How to complete this task:
From the material below, retype exactly the lines that begin at the line with "Youth Lamar Jackson" and end after the line with "Prema pisanju prištinske"; pictures stay out of the copy.

Source records:
<<<<
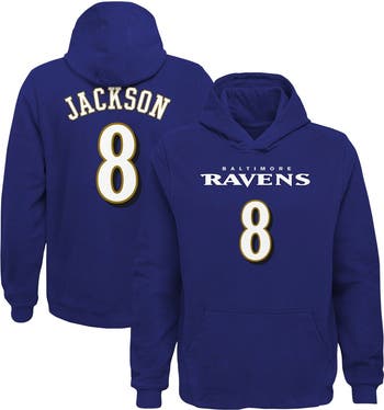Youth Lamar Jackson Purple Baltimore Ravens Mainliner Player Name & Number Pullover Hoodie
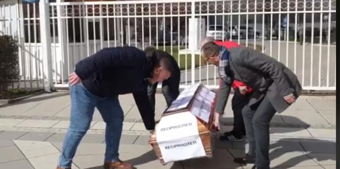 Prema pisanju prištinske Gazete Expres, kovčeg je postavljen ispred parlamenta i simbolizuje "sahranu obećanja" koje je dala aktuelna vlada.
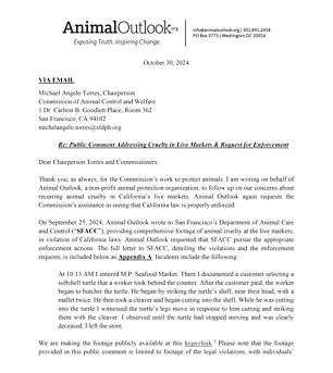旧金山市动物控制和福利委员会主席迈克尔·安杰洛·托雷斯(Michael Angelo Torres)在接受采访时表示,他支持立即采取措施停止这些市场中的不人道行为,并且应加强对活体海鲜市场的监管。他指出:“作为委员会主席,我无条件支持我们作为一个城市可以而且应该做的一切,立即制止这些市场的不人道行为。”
>>>>
<<<<
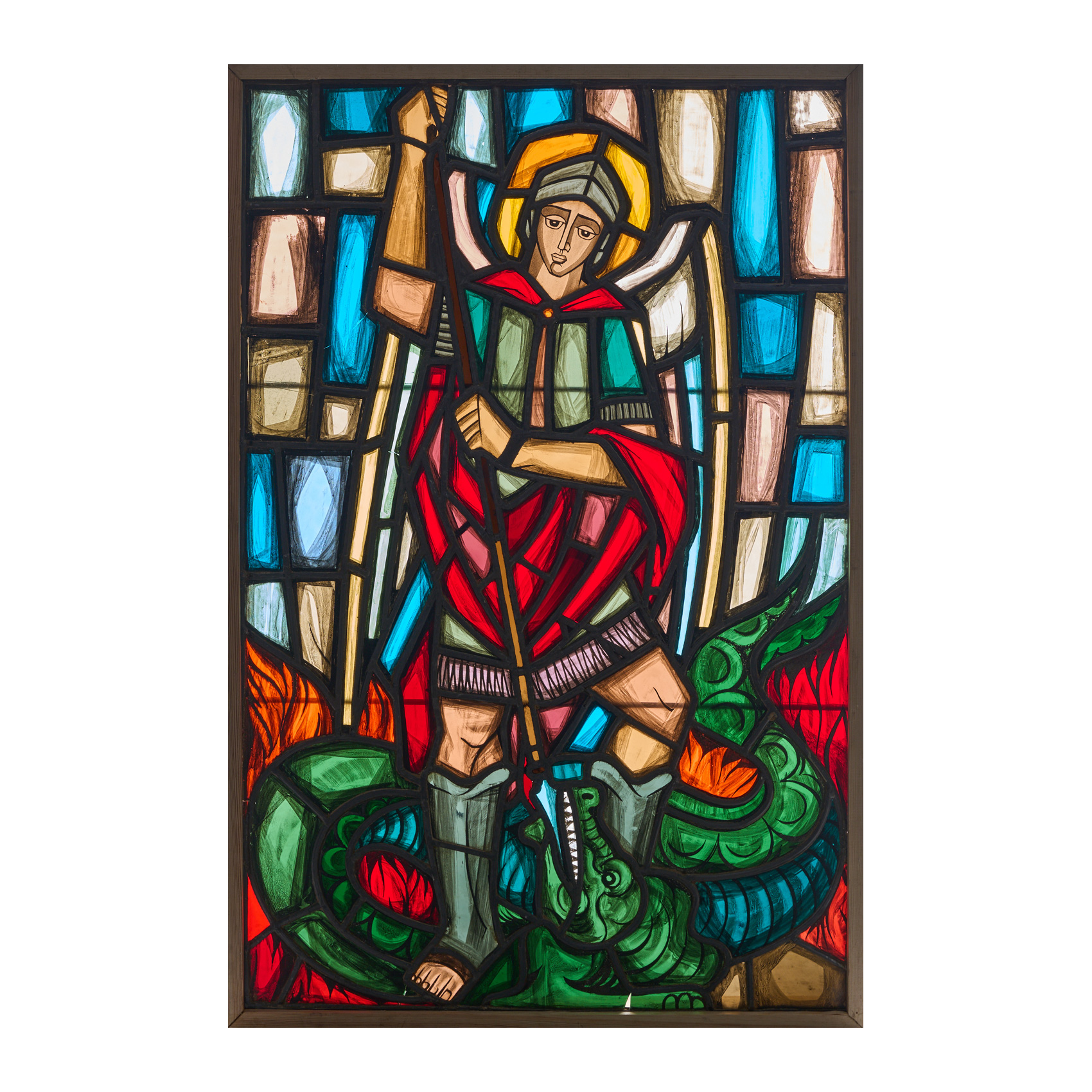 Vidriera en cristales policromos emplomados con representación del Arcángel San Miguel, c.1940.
>>>>
Finished exercise:
Youth Lamar Jackson Purple Baltimore Ravens Mainliner Player Name & Number Pullover Hoodie
 Prema pisanju prištinske Gazete Expres, kovčeg je postavljen ispred parlamenta i simbolizuje "sahranu obećanja" koje je dala aktuelna vlada.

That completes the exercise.